My heart wobbles in my chest, equal parts fond and bitter.Save yourself the heartbreak, sweetheart.
We slide her onto a gurney and hang another bag of O-negative on her IV stand just as the OR transport team barrels in. I give her hand a squeeze, “You’ve got this, kiddo,” I say before stepping back to let the surgeons take over.
As they roll Emily toward the OR, I’m overwhelmed with gratitude tangled with resentment and pride woven through guilt. A firefighter saved this girl. Kept her alive until she reached us. The same job that terrifies me, that took Daniel from me, gave Emily a future.
“You okay?” Mark asks, appearing at my elbow with a fresh pair of gloves.
“Yeah,” I lie, my mind still trapped in a vortex with no exit. “Fine.”
He doesn’t believe me—Mark’s known me too long—but he doesn’t push. “Room three needs sutures when you’re ready.”

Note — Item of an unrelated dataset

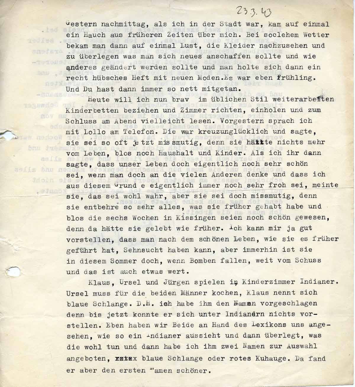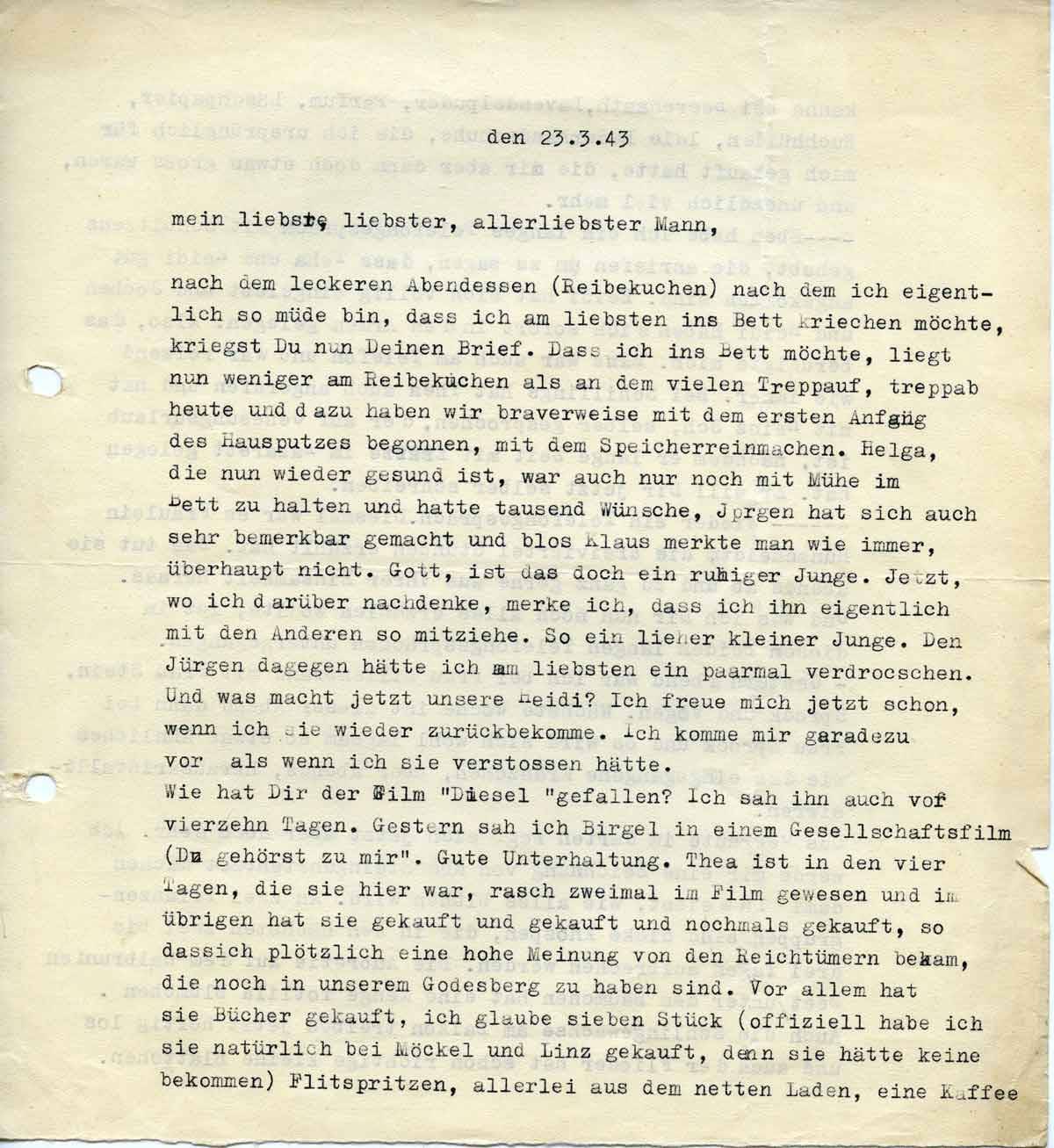 Charlotte Endemann an ihren Mann Harald, 23. März 1943

I nod. I have other patients who need me, a job to do, a life to live that can’t stop because I’m caught in an emotional hurricane.
I hope for Emily’s sake she forgets about her firefighter. That when she’ll fall in love, it won’t be with someone who makes a habit of running toward burning wreckages.
Because this is how the story goes—you meet your heroes, marry them, have a kid. And then they die, and you’re left piecing yourself back together. You learn to live with the echo of their absence—making dinner, paying bills, raising a daughter while pretending that silence is just peace. The house fills with new sounds, but you never stop listening for the old ones. Half the woman you were, twice as exhausted by a life that doesn’t feel like yours anymore.
19
LILY
I tug my locker open, swapping my scrubs for jeans and the softest T-shirt I own, grateful today’s shift kept me busy without tipping into chaos. So that I had no time to focus on anything but my patients. I sign out of the hospital’s secure messaging app and shut my locker, heading out. The ER is calmer now, a lull settling in between the afternoon rush and evening storm.
I weave past a med cart being restocked, already mentally checked out, when a familiar figure walks in through the sliding doors at the other end of the hall.
Josh—clean-shaved and giving off strong, I’m-too-sexy-for-my-shirt vibes.
He is standing at the main entrance, looking stupidly attractive in worn jeans and a white, snug T-shirt. He’s scanning the nurses’ station, searching for someone while holding a gigantic bouquet—an explosion of sunflowers and wild sprigs of lavender so enormous it hides half his face.
Relief slams into me first—he’s here, upright, whole, alive—chased by an attraction strong enough to bring me to my knees, and right behind it comes this longing that sits deep in my stomach and radiates outward.
For one delusional moment, I imagine the flowers are for me, especially when Josh catches sight of me in the crowd and his face lights up. His eyes crinkle at the corners, and a wide grin spreads on his face, as if running into me was the best thing that happened to him today.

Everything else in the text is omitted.